USDA predicts lower crop prices for key commodities in 2024

By Staff
4 Min Read

Slowing demand for key commodities such as wheat and soybeans continues to depress prices for farmers, according to the latest estimates from the U.S. Department of Agriculture. Meanwhile, rising prices could spell long-term volatility for the meat industry.

Wheat, corn and soybean prices were revised slightly downward in the USDA’s most recent World Agricultural Supply and Demand Estimates released last Thursday. Cattle, pork and poultry prices are all expected to rise.

Farmers have marketed most of their crops for the 2023-2024 cycle, though some have held on to their commodities in hopes of higher prices. The agency next month is scheduled to release its first estimates for the 2024-2025 crop.

Here’s a quick look at some of USDA’s predictions.

Major commodities on the decline

Large corn and soybean harvests have hurt price prospects, while returns on wheat remain lower amid reduced demand.

The appetite for corn has accelerated with growing demand for ethanol and animal feed. Corn used for ethanol, for example, was raised by 25 million bushels to 5.4 billion compared to last month’s estimates.

Still, even with accelerating use and lower ending stocks, the USDA expects the season-average price for corn to hit $4.70 per bushel, a 5-cent decline from last month.

A similar story is playing out in soybeans, where large stocks are offsetting any potential benefits of a rise in demand. Lower soybean exports have grown domestic supply as competition with South America heats up. Soybean prices were forecast at $12.55 per bushel, down 10 cents from March estimates.

Meanwhile, wheat prices were revised down 5 cents from a month ago to $7.10 per bushel. The global appetite for the crop remains sluggish, and domestic consumption is down with lower-than-expected feed use.

Livestock markets remain volatile

Red meat and poultry prices are rising as the long-term outlook remains volatile for many livestock growers.

Beef production increased on higher slaughter, and the USDA expects exports to also rise. However, declining cattle inventories are set to hurt long-term supply, which could upend the market by significantly raising consumer beef prices.
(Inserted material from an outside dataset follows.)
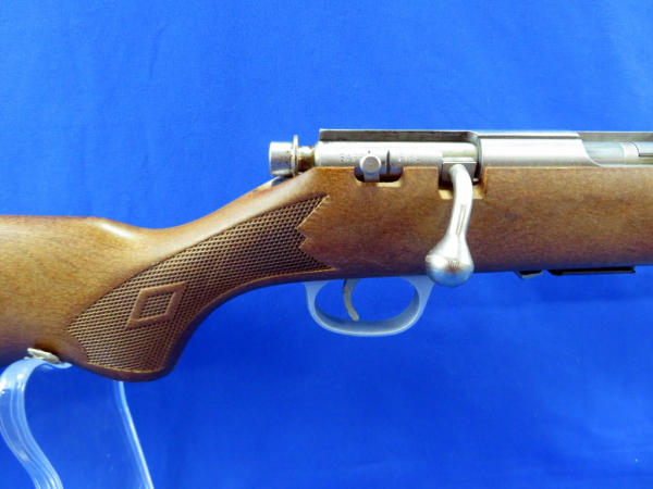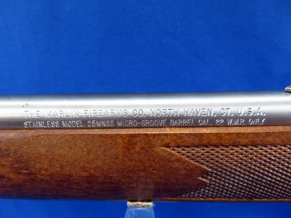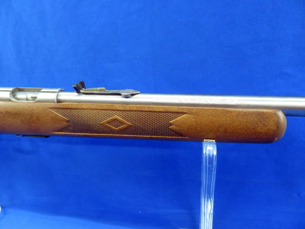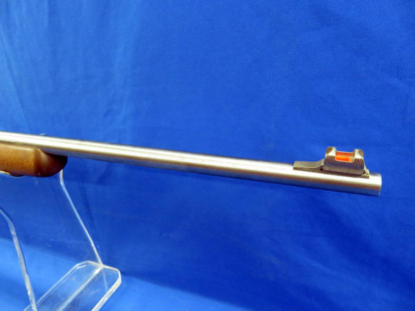 22" Stainless Barrel; wood very nice w/a couple very minor marks on left side; bright orange front site; smooth action; removable magazine; has DU coin in right side of stock; SN#03399895

The U.S. cattle herd entered 2024 at the lowest inventory level since 1951, and it’s anticipated to decline further during the year.

Rising prices could also hurt overall demand for chicken, with the USDA noting “expectations [of] higher prices may affect trade to a number of price sensitive markets.” Chicken prices in other countries are expected to become more competitive as feed prices drop.

One bright spot is in pork, which has experienced stronger-than-expected demand. The USDA raised its estimates for pork production, noting higher slaughter rates and more pigs per litter. U.S. exports are forecast almost 8% higher in 2024 with significant activity in Mexico and Japan, in addition to increasing momentum in South Korea.